◆ **Task objective**:
Extract, exactly as written, each line from the start of the records below to the line containing "CEA Opus Bateria", both ends included; drop the pictures.

◆ **Task data**:
-- -- --

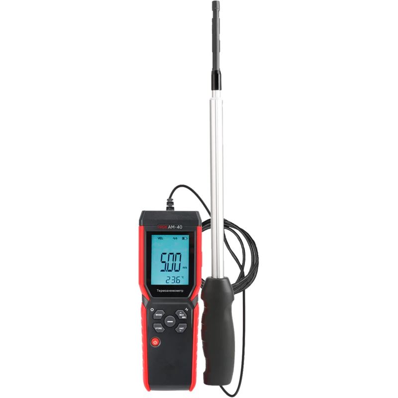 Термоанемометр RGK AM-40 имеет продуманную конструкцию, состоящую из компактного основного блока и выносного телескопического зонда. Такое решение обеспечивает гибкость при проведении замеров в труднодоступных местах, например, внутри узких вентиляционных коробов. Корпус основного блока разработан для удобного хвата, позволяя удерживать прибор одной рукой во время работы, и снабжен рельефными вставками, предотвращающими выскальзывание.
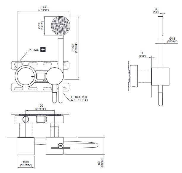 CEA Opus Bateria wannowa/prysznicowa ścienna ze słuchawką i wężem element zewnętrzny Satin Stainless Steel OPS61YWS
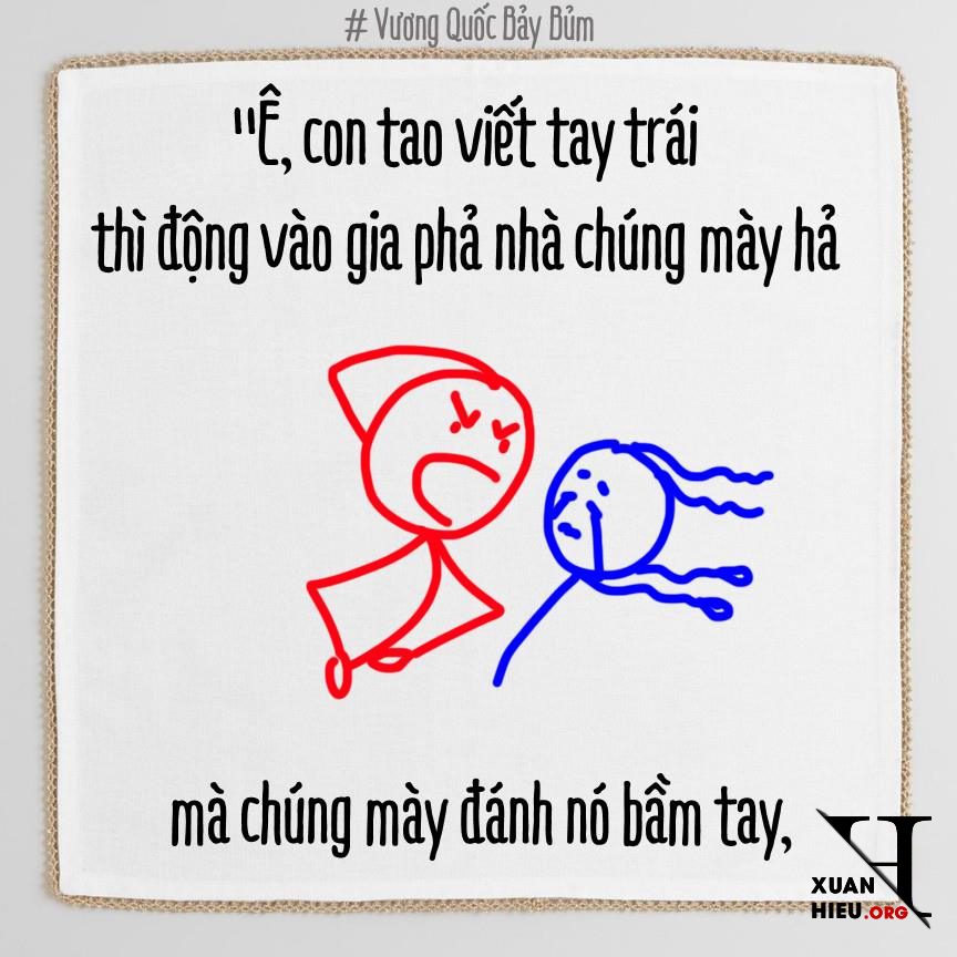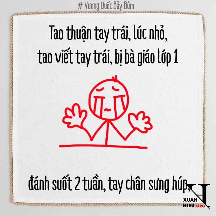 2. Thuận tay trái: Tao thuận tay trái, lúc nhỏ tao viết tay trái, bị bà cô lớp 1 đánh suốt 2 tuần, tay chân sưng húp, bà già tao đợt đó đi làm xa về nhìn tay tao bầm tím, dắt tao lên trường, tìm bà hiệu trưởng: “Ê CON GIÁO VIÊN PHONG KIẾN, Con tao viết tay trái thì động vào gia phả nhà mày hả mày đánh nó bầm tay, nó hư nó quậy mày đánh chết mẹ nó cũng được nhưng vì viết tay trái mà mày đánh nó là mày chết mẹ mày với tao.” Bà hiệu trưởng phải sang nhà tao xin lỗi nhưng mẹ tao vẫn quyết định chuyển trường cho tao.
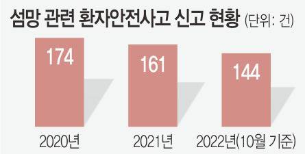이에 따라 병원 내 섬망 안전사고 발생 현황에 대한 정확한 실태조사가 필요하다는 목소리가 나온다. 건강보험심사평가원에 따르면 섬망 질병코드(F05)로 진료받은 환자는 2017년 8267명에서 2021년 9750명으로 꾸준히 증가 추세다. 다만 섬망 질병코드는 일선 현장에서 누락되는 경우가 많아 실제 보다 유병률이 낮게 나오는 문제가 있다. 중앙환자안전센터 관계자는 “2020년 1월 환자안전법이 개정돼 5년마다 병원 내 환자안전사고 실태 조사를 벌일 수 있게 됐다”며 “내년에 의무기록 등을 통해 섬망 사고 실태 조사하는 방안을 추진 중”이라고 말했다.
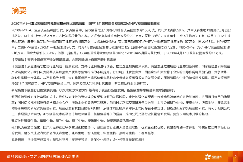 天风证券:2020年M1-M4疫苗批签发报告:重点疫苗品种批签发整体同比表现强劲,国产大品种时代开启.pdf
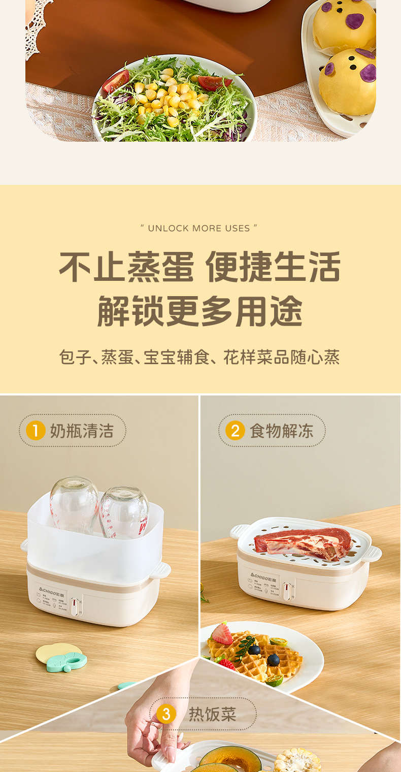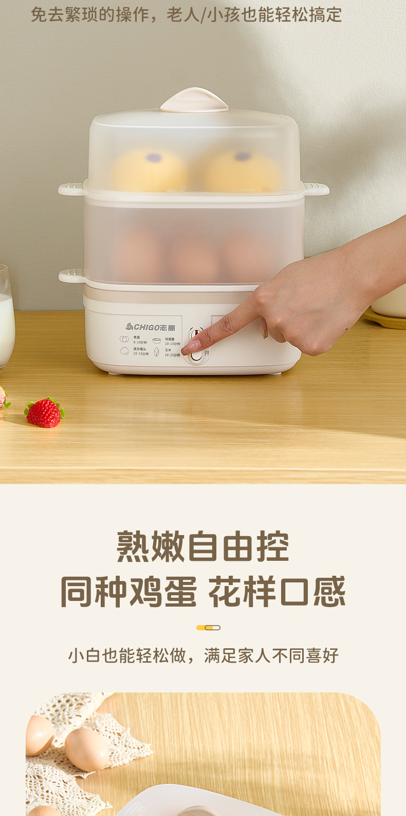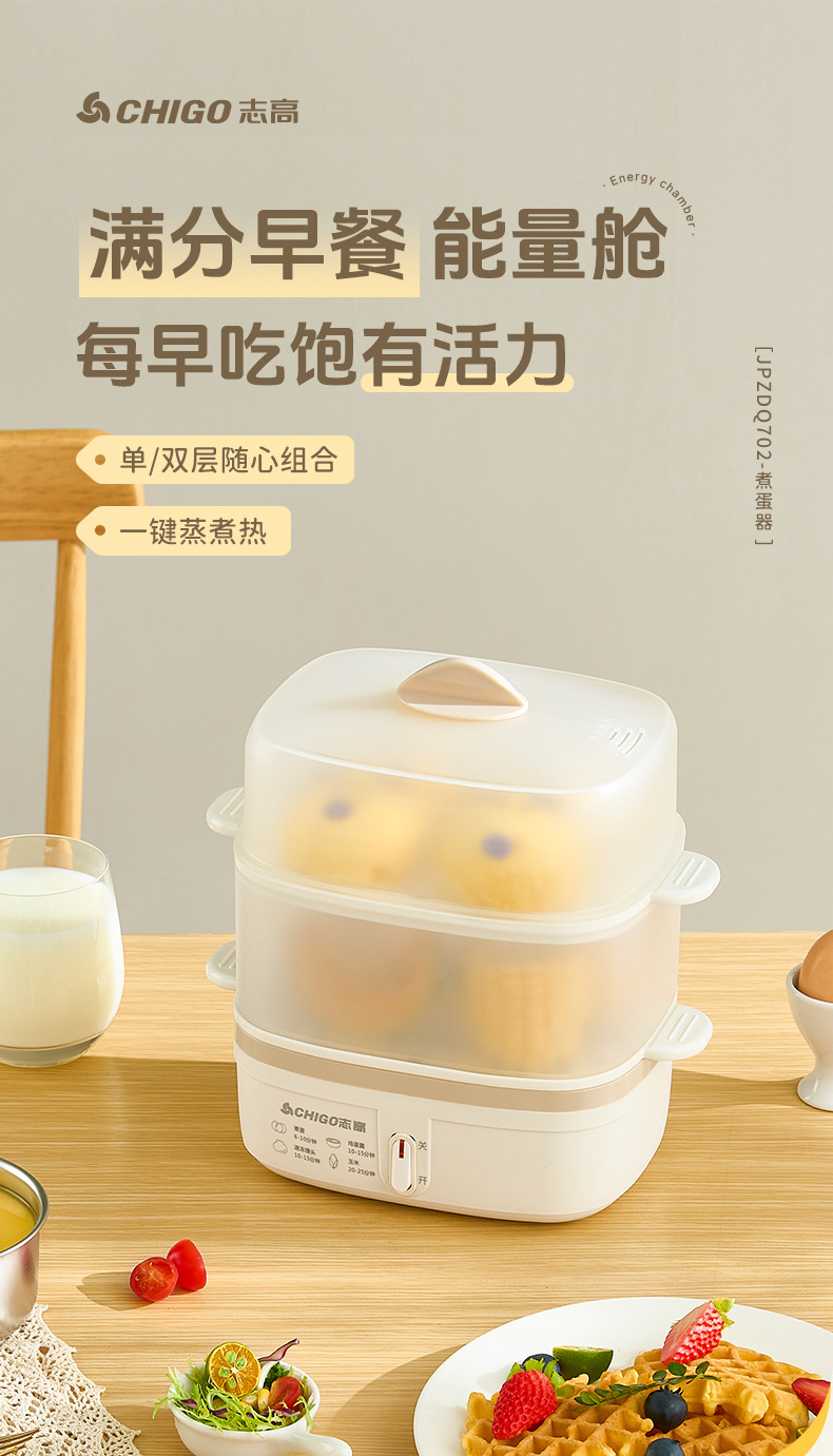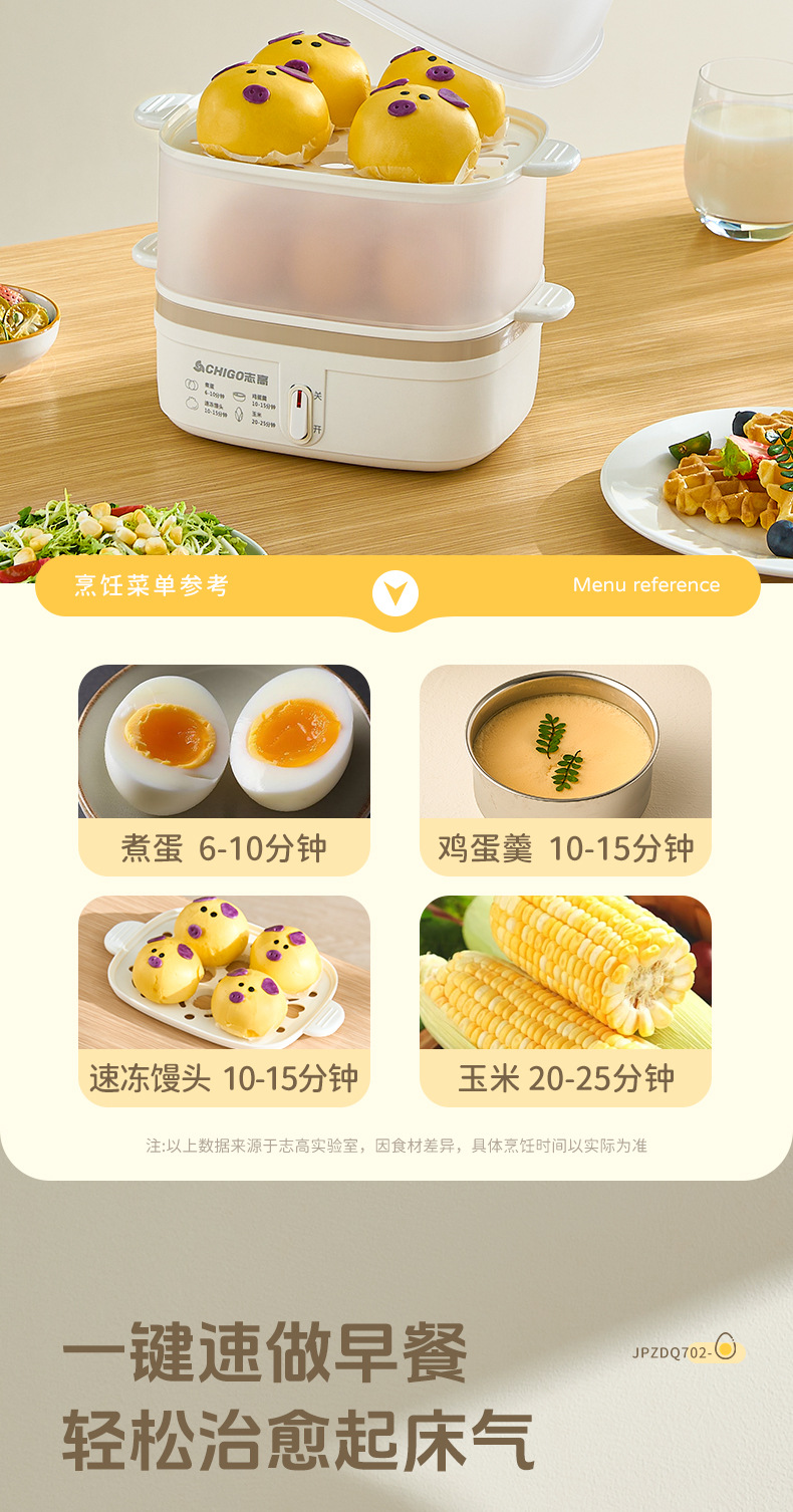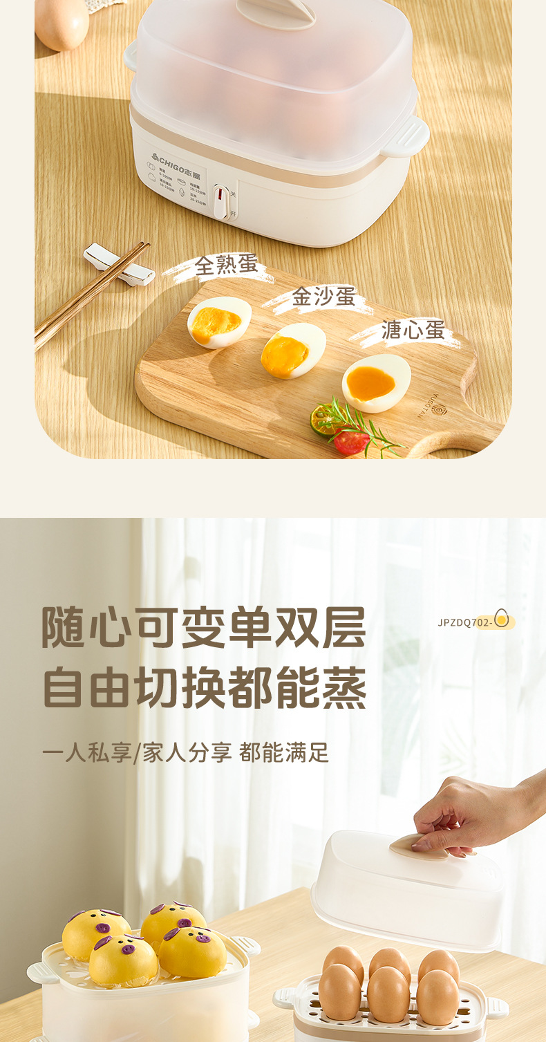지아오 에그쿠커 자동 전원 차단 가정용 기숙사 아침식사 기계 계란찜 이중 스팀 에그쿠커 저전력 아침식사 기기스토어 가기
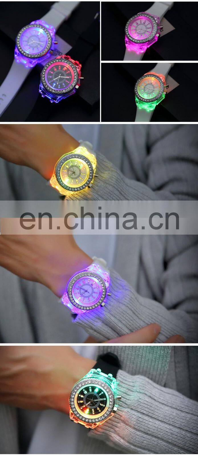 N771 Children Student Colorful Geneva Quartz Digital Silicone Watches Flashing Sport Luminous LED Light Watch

-- -- --

◆ **Solution**:
 Термоанемометр RGK AM-40 имеет продуманную конструкцию, состоящую из компактного основного блока и выносного телескопического зонда. Такое решение обеспечивает гибкость при проведении замеров в труднодоступных местах, например, внутри узких вентиляционных коробов. Корпус основного блока разработан для удобного хвата, позволяя удерживать прибор одной рукой во время работы, и снабжен рельефными вставками, предотвращающими выскальзывание.
 CEA Opus Bateria wannowa/prysznicowa ścienna ze słuchawką i wężem element zewnętrzny Satin Stainless Steel OPS61YWS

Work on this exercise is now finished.